The court of appeal, considering that the travel time was not rest, had judged that she did not benefit from the 11-hour rest when she was travelling. The court also noted that the employer had not organized one of the annual required meeting (a meeting during which employer and employee must discuss the work load, the organization of the working time, the combination between private and professional life, and the remuneration) and that after one other meeting the employer failed to remedy the excessive workload the employee had complained about.
For these reasons the court of appeal judged that the agreement on forfait jours was null and void, and condemned the employer to pay the hours worked in excess of the 35 hours weekly legal threshold, for a total amount of more than 66,000 €.

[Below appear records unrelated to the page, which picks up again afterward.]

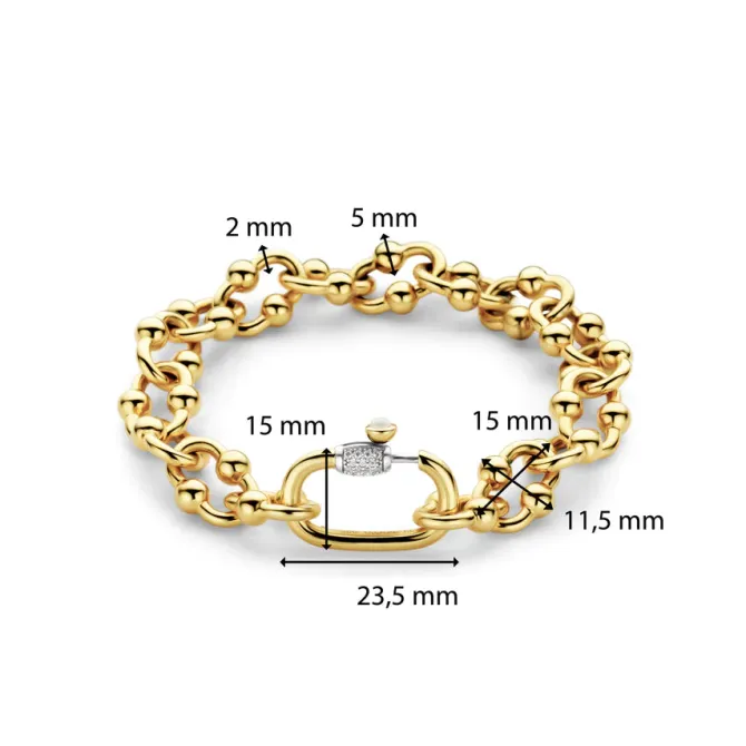This TI SENTO chunky gold-plated link bracelet flaunts a stream of our signature links with gold-plated bubbles. Crafted from the highest quality 925 sterling silver, it is then plated with yellow gold. This reinvented vintage piece is a mesmerizing eye-catcher. Available in sizes small, medium and large.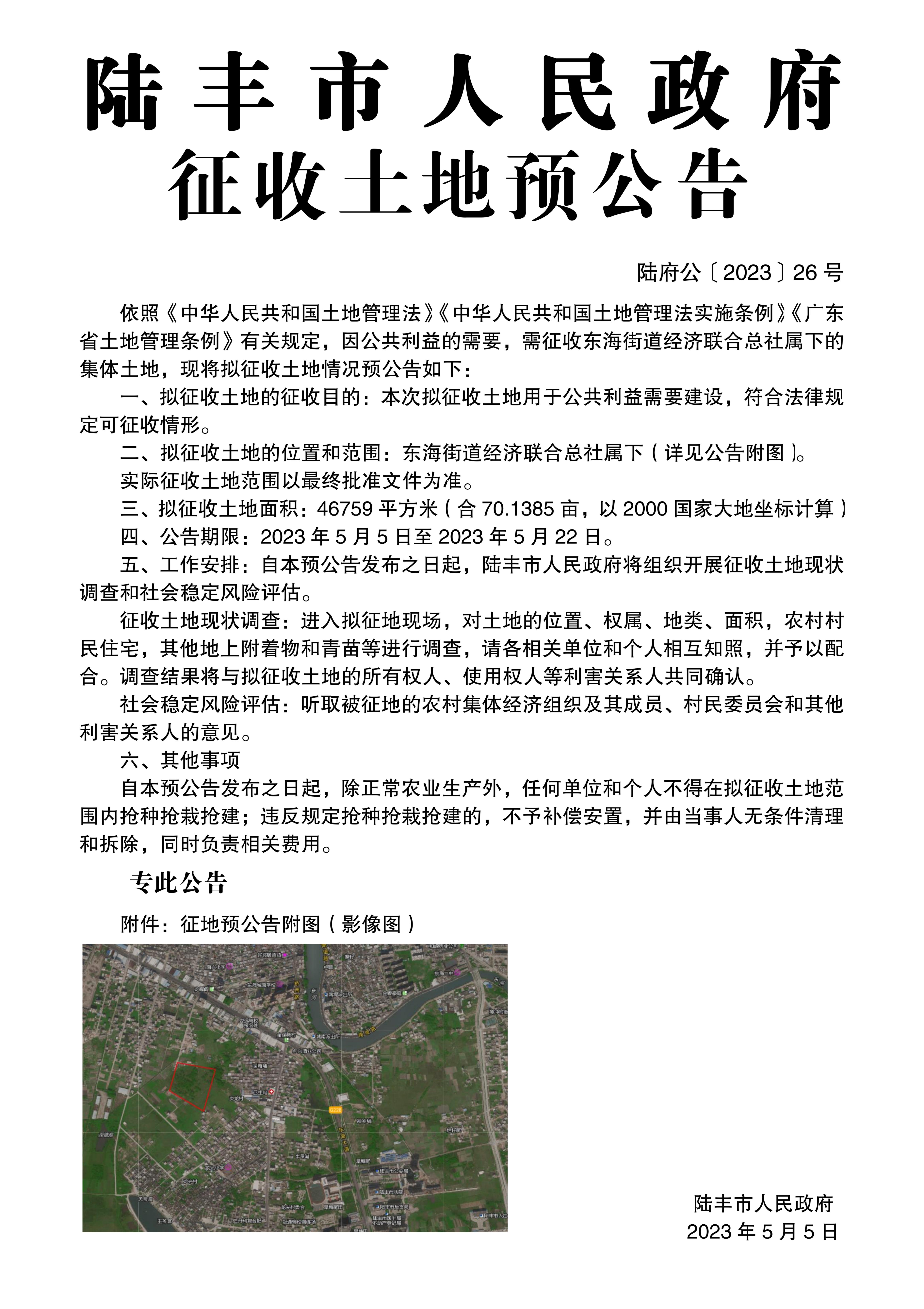 陸豐市人民政府征收土地預(yù)公告(陸府公〔2023〕26號)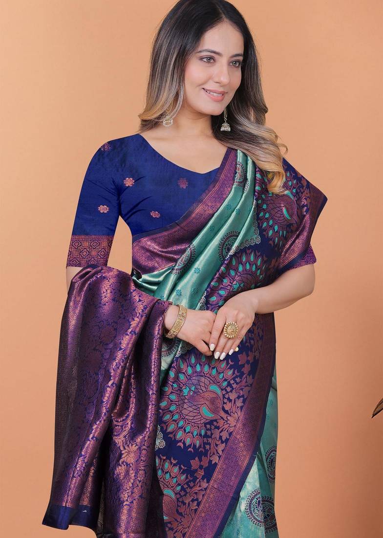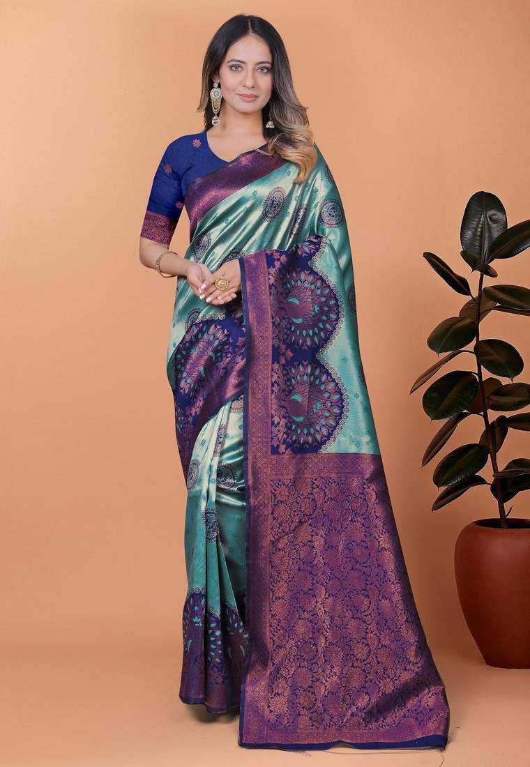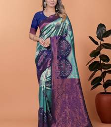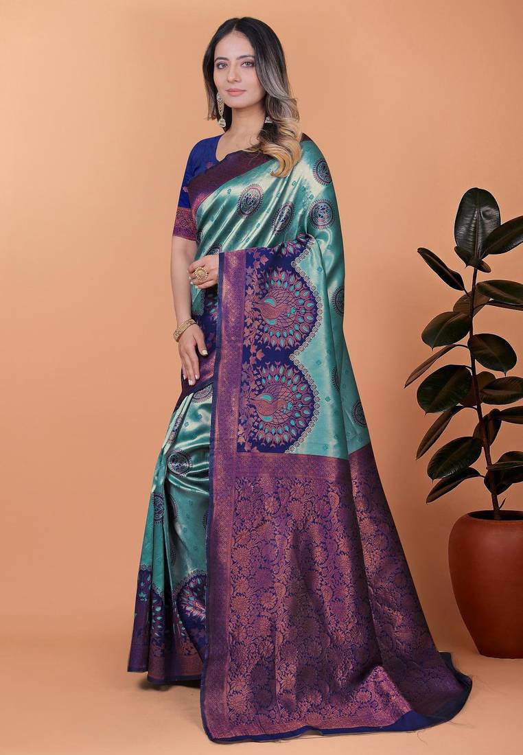 Rama green woven designer pallu banarasi art silk saree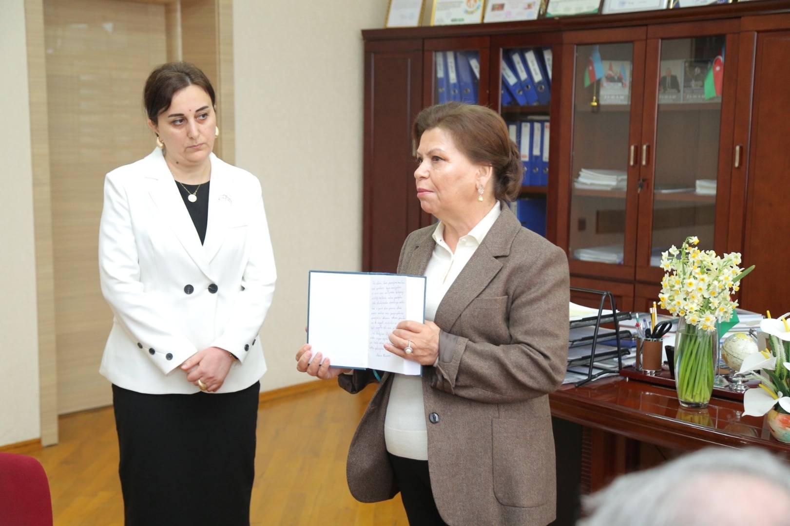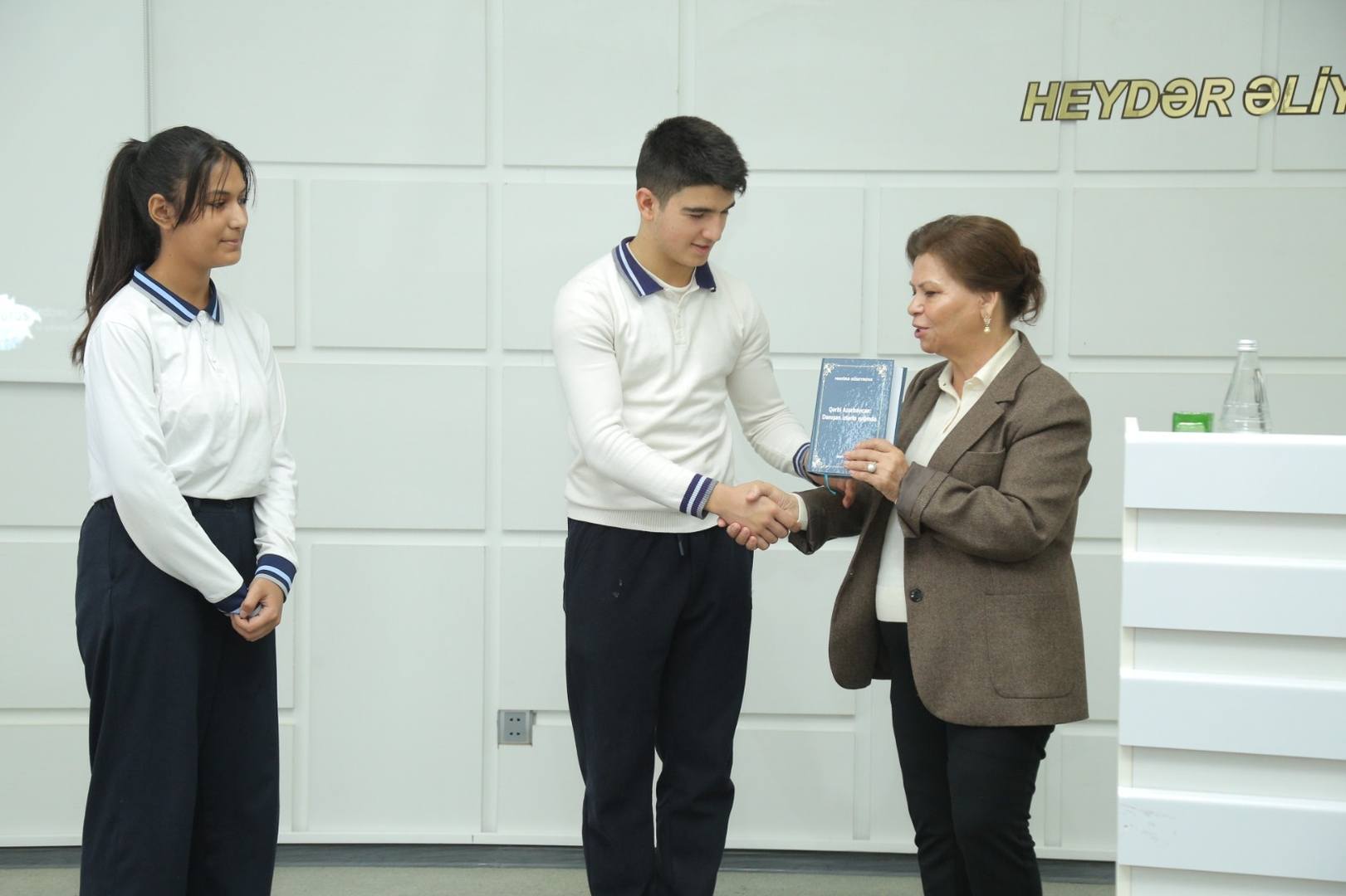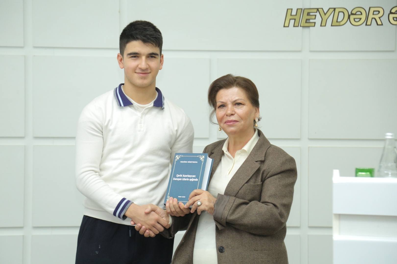 Qərbi Azərbaycan icmasının idarə heyətinin üzvü, ADPU-nun beynəlxalq əlaqələr üzrə prorektoru, professor Mahirə Hüseynova dərs zamanı aparılan diskussiyada fəallıq göstərən şagirdlərdən bir neçəsinə Qərbi Azərbaycana həsr olunmuş “Qərbi Azərbaycan: Danışan izlərin işığında” adlı kitablarını hədiyyə etdi.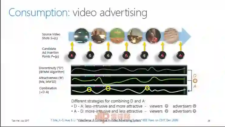 视频的消费往往和广告紧密相关。梅涛提到,做视频广告有两个问题需要解决:第一个问题是广告到底放在视频的什么位置;第二个问题是选什么样的广告,这个广告跟你插入点的信息是不是相关,使得用户接受度更加好。
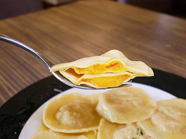 看到黃澄澄的餃皮還以為南瓜指的是餃皮的部分,沒想到竟然是內餡用南瓜泥填滿![]()

Before the Supreme court, the employer argued that the travel time is not working time, as provided by law, and had been compensated as provided by the labour code. Hence the employer argued that it could not be taken into account to check whether the employee had benefited from the 11-hour rest. The Supreme Court rejected this contestation and confirmed the decision of the court of appeal.
Employers must make sure that the travels of their executives are organized properly and that the employee actually benefits from 11 hours rest on destination. Otherwise this may entail nullification of the agreement on forfait jours.